The white miners saw this as a threat to their livelihoods and identity. In January 1922, they launched a strike that spread across the Witwatersrand.
By March, the situation had spiraled. On the night of March 9, strikers torched the homes of mine officials in the town. Early the next morning, a bomb exploded in Market Square (where the old Brakpan Plaza is situated).
Armed groups overran Apex Colliery (near Anzac Station), attacked the local police station, which was then located at the corner of Germains Avenue and High Street, and stormed Brakpan Mines, killing officials and special police.

Despite the declaration of martial law, violence continued. Military intervention followed and the strikers were eventually overcome.

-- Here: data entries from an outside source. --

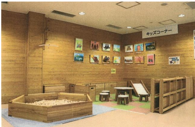
秋田市 大森山動物園ピジターセンター(木のボール、滑り台、キッズテーブル&チェア、絵本棚の整備)
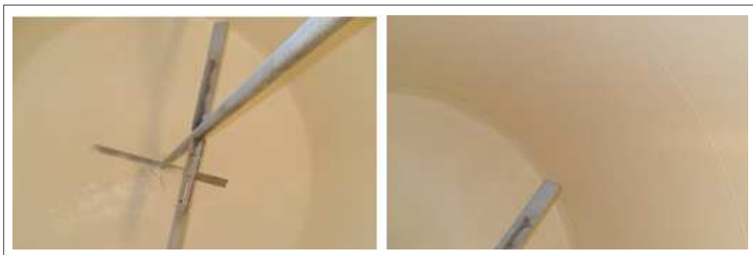
[탑코트 TC100 시공사진]

(4) 가사시간 이내 사용할 만큼만 혼합사용하고 전용희석제를 최대 25% 까지 희석하여 도포한다.
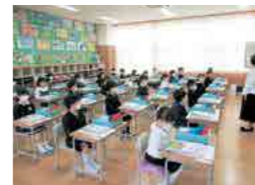
▲ しっかりと話を聴けました
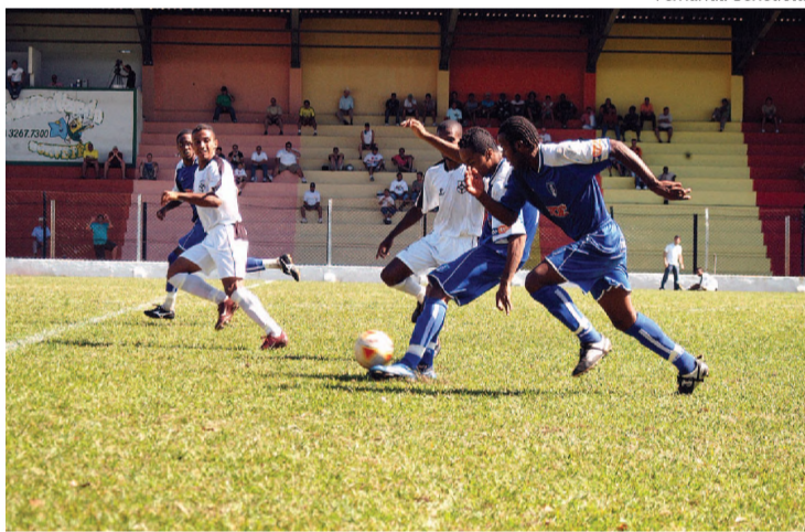
Lance da derrota do Lençoense para o Lemense no Bregão
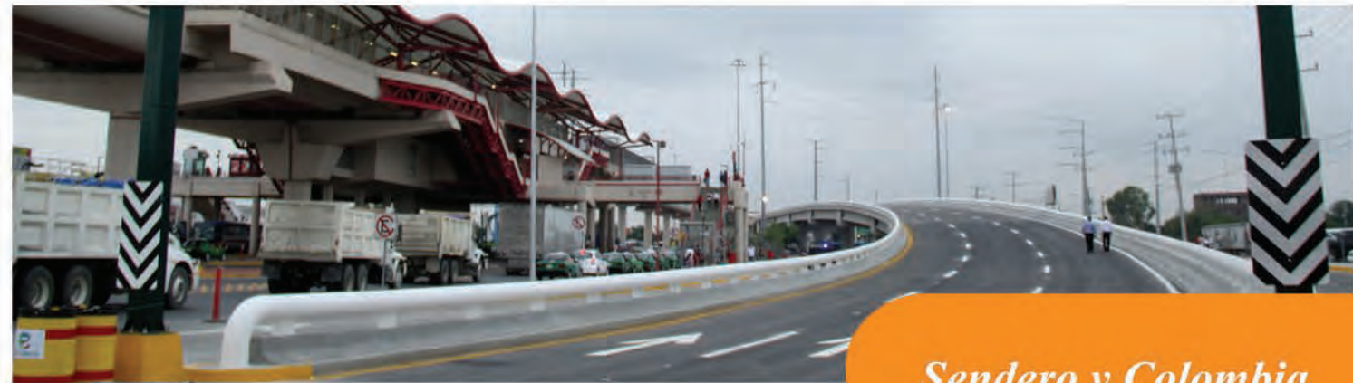
Sendero y Colombia
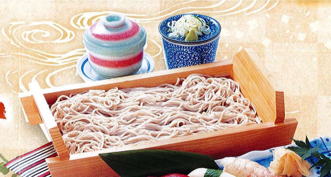
にぎりそばセット 麦卵そ …… 1,630円 (税込 1,793円) ●にぎり5貫 ●茶碗蒸し ●そば又はうどん(温・冷)
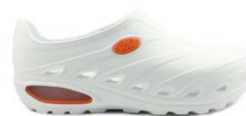
CLOG DINAMIC 35-45 | Blanc
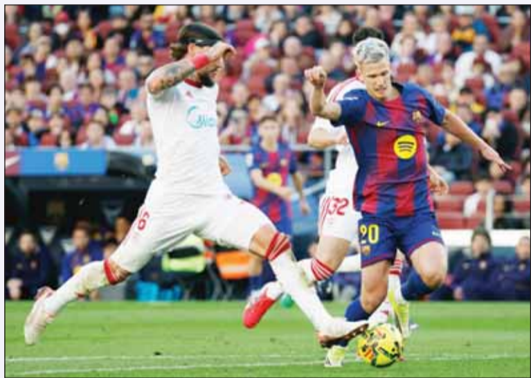
البرشا سحق إشبيلية بخماسة

حافظ برشلونة المتصدر على فارق النقاط الأربع مع ملاحقه ريال مدريد، بعد فوزه العريض بقيادة نجمه البرازيلي رافينيا على ضيفه إشبيلية 5-2 اول من امس في المرحلة 28 من الدوري الإسباني لكرة القدم. ورفع الفريق الكتالوني رصيده إلى 70 نقطة بفوزه الرابع تواليًا في الدوري متقدماً بفارق أربع نقاط عن ريال مدريد. وحسم برشلونة النتيجة في شوطها الأول بفضل رافينيا (9 و21 من ركلتي جزاء) وداني أولمو (38)، قبل أن يوقع رافينيا على الهاتريك (51) ويضيف البرتغالي كانسيلو الخامس، مقابل هدفين عبر أوسو (3+45) والوسوري جيريل سو (2+90). وانتقم برشلونة لخسارته أمام إشبيلية 1-4 في لقاءهما الأخير في أكتوبر الماضي. وبهذه النتيجة تجمد رصيد إشبيلية عند 31 نقطة متقدماً بخمس نقاط فقط عن إلتشي صاحب المركز 18 المؤدي إلى الهبوط. وتحصل برشلونة على ركلتي جزاء خلال اللقاء، ونفذهما اللاعب البرازيلي رافينيا بنجاح. وقال صواب "أرشيفو فار"، على منصة إكس، والمختص بالمحالات التحكيمية، إن ركلة الجزاء الأولى للبارسا كانت صحيحة. وتابع "لاعب إشبيلية اعترض طريق ظهير برشلونة من الخلف، مما تسبب في تعثره بعد أن ضربت ركبته، قدمه اليميني". ونوه "في ركلة الجزاء الثانية، اضطر حكم تقنية الفيديو، إلى تصحيح قرار حكم الساحة مارفينيز مونويرا". وأوضح "كارمونا، الذي كان ساقطاً على الأرض وذراعه مضمومة، قام بفتحها ومدها بعد مراوغة كانسيلو، ولذلك فهي ركلة جزاء".
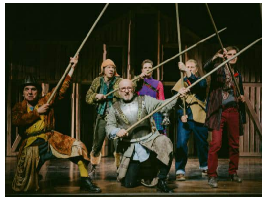
Theater Lindenhof: eigenes Stück „Wenn nicht heute, wann dann!“
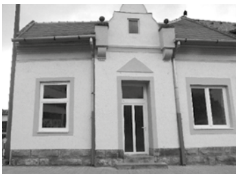
Mezőkövesd, Eötvös u. 1. szám alatti üzlethelyiség: (2 helyiség és mosdó, WC, raktár összesen 50 m 2 , teljesen felújított állapotban)

Az ingatlanok megvásárlására vonatkozó ajánlatokat Mezőkövesd Város Polgármestere részére levélben lehet benyújtani az alábbi címre: 3400 Mezőkövesd, Mátyás király út 112. számon vagy emailben a polgarmester@mezokovesd.hu címre.
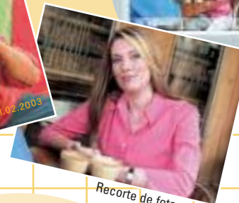
Recorte de fotografías
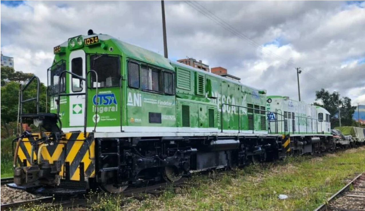
El Ferrocarril del Pacífico.
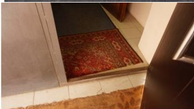
Фото № 4: Пути движения внутри здания
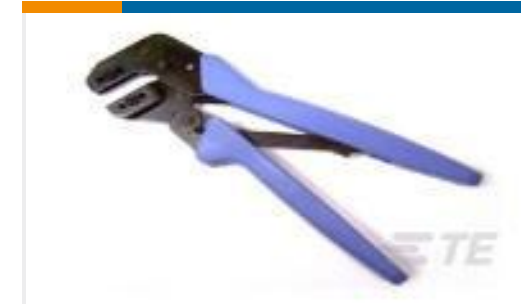
TE 产品编号90548-1 ASSY PRO-CRIMPER UNIV M-N-L

One striker was killed during the fighting at the mine, and two were killed by machine gun fire from the police station, but the names of only two, Messrs Fourie and Horak, are known.
They were buried on the grounds of a church along Victoria Avenue. A few months later, however, the council received a letter from the provincial secretary pointing out that the church grounds could not be used as a cemetery.
The council then arranged for a firm of undertakers to exhume the bodies and move them to the Benoni cemetery which was still used by Brakpan.

The council obviously felt that some of the strikers would object to this and the exhumation took place in great secrecy and under cover of darkness.
The officials who lost their lives – H Martin, L Phillips, A Momsen and G Lowdon, and the members of the special police – Lieutenant V Brodigan and Constables F Smit, J Jordan and S Combrink lie buried in the special cemetery.
The inscription on the tombstone, which has been desecrated, used to read: Victims of a violent and internecine strike, they valued duty higher than life.
This plot of ground was given to the council when Brakpan Mines closed down in 1966, and council accepted responsibility for its upkeep.
Carton Katene was also killed during the fighting at the mine. Published books on the strike make no mention of him and the role he played in the battle is unknown. He has been forgotten and lies in an unknown and unmarked grave.